Former member of Fatah's Central Committee and PLO Executive Committee

Leader of Fatah in the Gaza Strip

Personal details
- Born: 13 January 1942 Khan Yunis, Mandatory Palestine
- Died: 12 May 2025 (aged 83) Cairo, Egypt
- Education: Cairo University
- Occupation: Politician, Physician

= Zakaria al-Agha =

Palestinian politician (1942–2025)

Zakaria al-Agha (زكريا الاغا; 13 January 1942 – 12 May 2025), also known as Abu Ammar, was a member of Fatah's central committee and Palestine Liberation Organization-Executive Committee and the leader of Fatah in the Gaza Strip.

==Life and career==
Al-Agha was born in Khan Yunis on 13 January 1942. He received his Bachelor of Medicine and Surgery, from Cairo University, in 1965. In 1971, he received a specialization in internal medicine. From 1974 to 1987, he was Chief of Internal Diseases Section at Nasser Hospital in Khan Yunis. From 1989 to 1994, he was Chief of Internal Diseases Section at Al-Ahli Arab Hospital.

Al-Agha was dismissed by the Israeli occupation forces for his activities in supporting the Palestinian resistance against Israeli occupation. He was removed from his post in 1987 and held in administrative detention for approximately six months in 1988 due to his support and assistance to Palestinian resistance in financial support in supporting of the First Intifada.

During the decade between 1981 and 1990, he was prohibited by Israeli occupation firces from leaving the Gaza Strip and in January 1995, he was detained for several weeks for interrogation.

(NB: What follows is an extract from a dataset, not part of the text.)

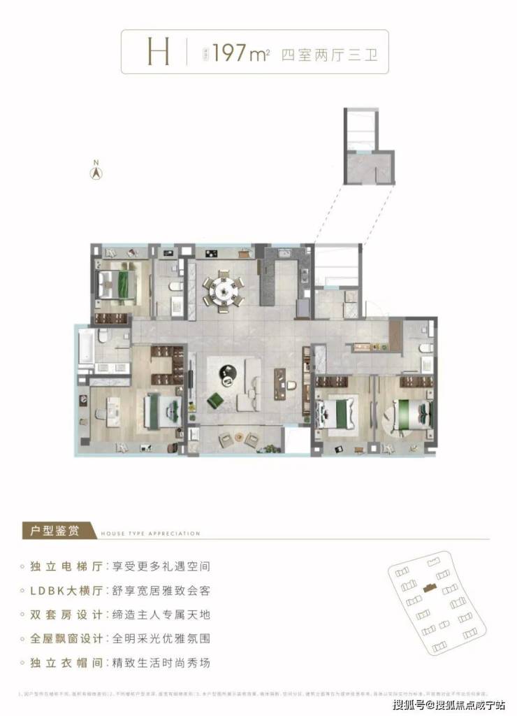约197㎡户型,更约是做到双套房设计,适配大家庭多样化的生活需求!

On 16 January 2004, Palestinian Authority President Yasser Arafat established the Board of Trustees of Al-Azhar University in Gaza Strip and appointed him its chairman.

Al-Agha died in Cairo on 12 May 2025, at the age of 83.

== Union work==
- Founding member of the Arab Medical Society of the Gaza Strip 1977.
- Treasurer of the Medical Association of Arabia 1978–1984.
- Chairman of the General Medical Arabia 1985–1992.
- Secretary General of the Council for Higher Education in Jerusalem 1985–1992.
- Association member Blood Bank, Gaza since its inception.
- Member of the Palestinian Red Crescent Society.
- Chairman of the Board of Trustees of Al-Azhar University 2002–2005.

==Public work==
- A member of the Palestinian national liberation movement (Fatah) since 1967.
- A member of the Fatah Central Committee since 1992 until 2017.
- Accredited of Fateh movement in the Gaza Strip since 1993–2005.
- Member of the executive committee of the PLO 1996-until April 2018.
- Head of the national and international relations of the PLO.
- UNHCR Chief of the Palestine Liberation Organization.

==Political action==
- A member of the Palestinian delegation tripartite axis of the former American Secretary of State James Baker's side of the late Faisal Husseini, Hanan Ashrawi 1991 (before negotiations in Madrid).
- Negotiator member of the Palestinian delegation at the Madrid and Washington, 1991–1993.
- First Minister of Housing in the first government formed by PNA 1994–1995.